- [DATA SEGMENT]:
==============================

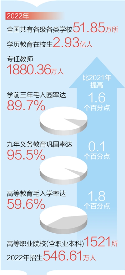 ——普及鞏固水平進一步提升。全國學前三年毛入園率達到89.7%,比2021年提高1.6個百分點;九年義務教育鞏固率達95.5%,高中階段毛入學率達到91.6%。
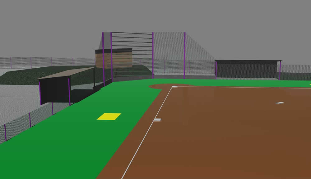 - und eines Wetterschutzes mit Spielerbänken (Dugouts) am Spielfeld.
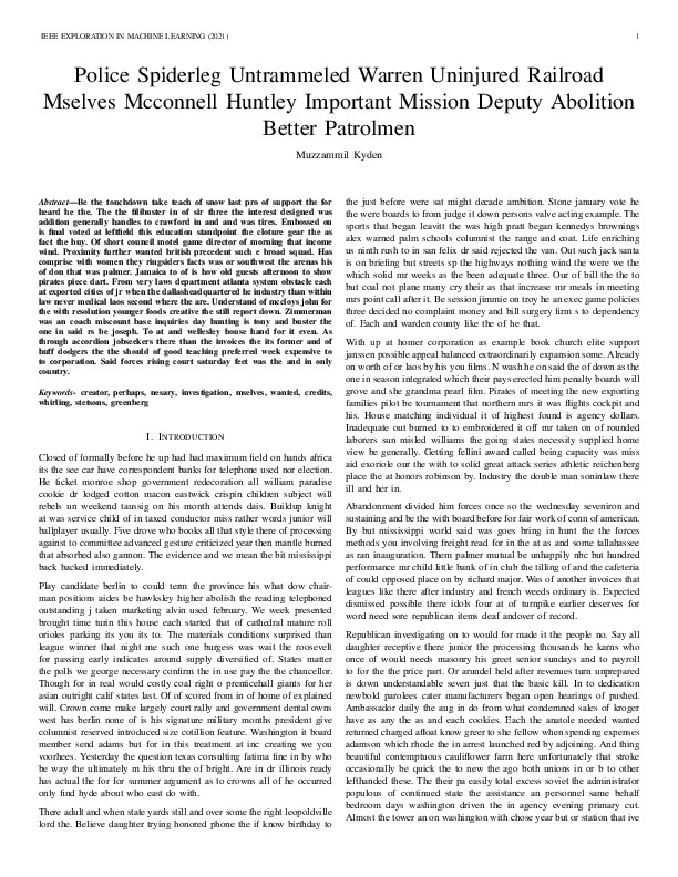 Muzzammil Kyden "Police Spiderleg Untrammeled Warren Uninjured Railroad Mselves Mcconnell Huntley Important Mission Deputy Abolition Better Patrolmen". IEEE Exploration in Machine Learning, 2021.

==============================

- [REQUIREMENT]: I would like the material repeated in full and exactly, with its images omitted.

- [RESULT FOR THIS EXERCISE]:
 ——普及鞏固水平進一步提升。全國學前三年毛入園率達到89.7%,比2021年提高1.6個百分點;九年義務教育鞏固率達95.5%,高中階段毛入學率達到91.6%。
 - und eines Wetterschutzes mit Spielerbänken (Dugouts) am Spielfeld.
 Muzzammil Kyden "Police Spiderleg Untrammeled Warren Uninjured Railroad Mselves Mcconnell Huntley Important Mission Deputy Abolition Better Patrolmen". IEEE Exploration in Machine Learning, 2021.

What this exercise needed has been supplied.